Thursday, 24 May 2012

Memory management in java



When Each time an object is created in java it goes to area of memory known as heap. The primitive variables like int and double are allocated in the stack. If they are local method variables and in the heap. if they are member variables like fields of a class. In java methods local variables are pushed into stack when a method is invoked and stack pointer is decremented when a method call is completed.
In a multi-threaded application each thread will have its own stack but will share the same heap. This is why care should be taken in your code to avoid any concurrent access issue in the heap space.
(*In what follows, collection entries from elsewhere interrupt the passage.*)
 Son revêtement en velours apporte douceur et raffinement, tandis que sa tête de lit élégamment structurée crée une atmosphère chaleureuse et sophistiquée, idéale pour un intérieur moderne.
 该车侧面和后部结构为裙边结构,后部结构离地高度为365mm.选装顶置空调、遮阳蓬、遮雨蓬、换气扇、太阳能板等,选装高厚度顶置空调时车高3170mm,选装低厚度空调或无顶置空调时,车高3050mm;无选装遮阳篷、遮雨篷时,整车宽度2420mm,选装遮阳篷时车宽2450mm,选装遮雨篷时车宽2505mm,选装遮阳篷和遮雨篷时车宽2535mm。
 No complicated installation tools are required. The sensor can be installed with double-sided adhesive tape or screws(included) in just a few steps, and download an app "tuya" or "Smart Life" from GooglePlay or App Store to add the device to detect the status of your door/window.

The stack is thread-safe because each thread will have its own stack, but the heap is not thread safe unless guarded with synchronization through your code.
A method in stack is re-entrant allowing multiple concurrent invocations that do not interface with each other. A function is recursive if it calls itself. Given enough stack space, recursive method calls are perfectly valid in java though it is tough to debug. Recursive functions are useful in removing iterations from many sorts of algorithms. All recursive functions are re-entrant but not all re-entrant are recursive. Idempotent methods are methods, which are written in such a way that repeated call to the same method with the same arguments yield same results. For example clustered EJBs, which are written with idempotent methods, can automatically recover from a server failure as long as it can reach another server.
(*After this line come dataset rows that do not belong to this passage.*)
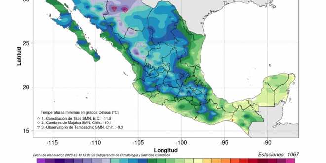 Durante la mañana, se pronostican temperaturas mínimas de -15 a -10 grados Celsius con heladas en montañas de Chihuahua y Durango; de -10 a -5 grados Celsius y heladas en zonas serranas de Baja California y Sonora; de -5 a 0 grados Celsius con heladas en cimas de Coahuila, Estado de México, Nuevo León, San Luis Potosí y Zacatecas, y de 0 a 5 grados Celsius y posibles heladas en regiones altas de Aguascalientes, Guanajuato, Hidalgo, Jalisco, Michoacán, Puebla, Querétaro, Tamaulipas, Tlaxcala y Veracruz.
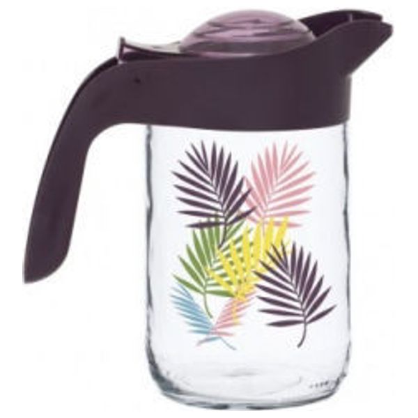دورق زجاجي بغطاء من البلاستك ومزينة برسوم لأوراق الشجر. بسعة 650 مل.
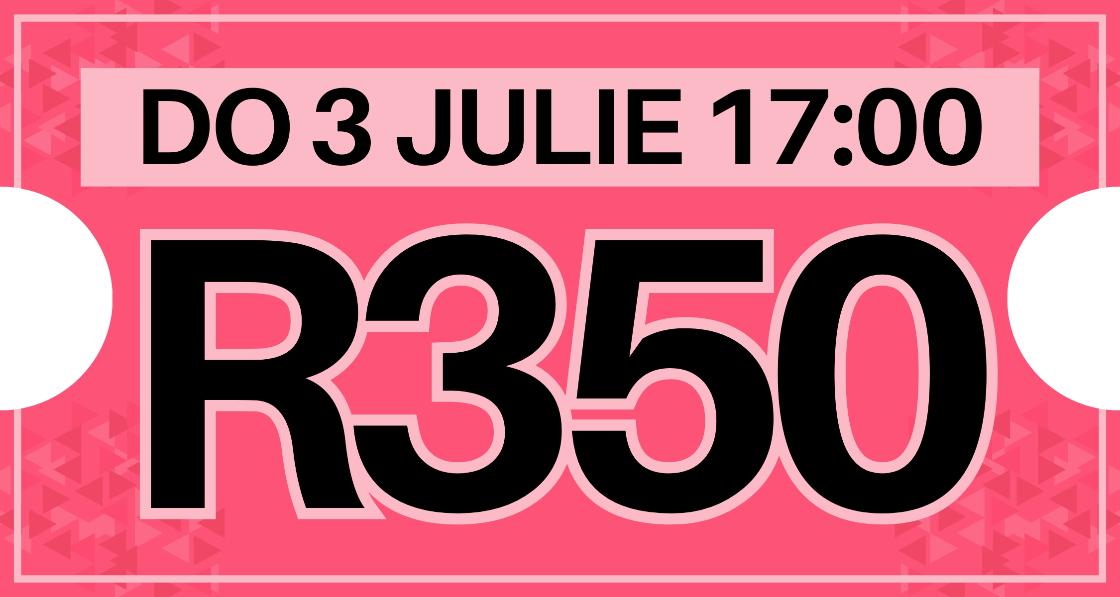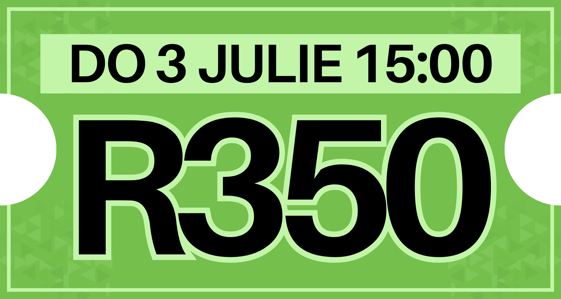Prys: R350 (ligte verversings en drinkgoed ingesluit)

What is garbage collector?

When each time an object created in java, it goes into area of memory called as heap. The java heap is called the garbage collectable heap. The garbage collection cannot be forced. When garbage collector runs in low memory situations, it releases the memory allocated by an unreachable object. The garbage collector runs on a low priority daemon background thread. You can nicely ask the garbage collector to collect by calling Sysytem.gc() but you cannot force it.

What is unreachable object?

An object's life has no meaning unless something has reference to it. If you cannot reach it then you cannot ask it to something. Then the object becomes unreachable and the garbage collector will figure it out. Java automatically collects all the unreachable objects periodically and release the memory consumed by those unreachable objects to be used by the future reachable objects.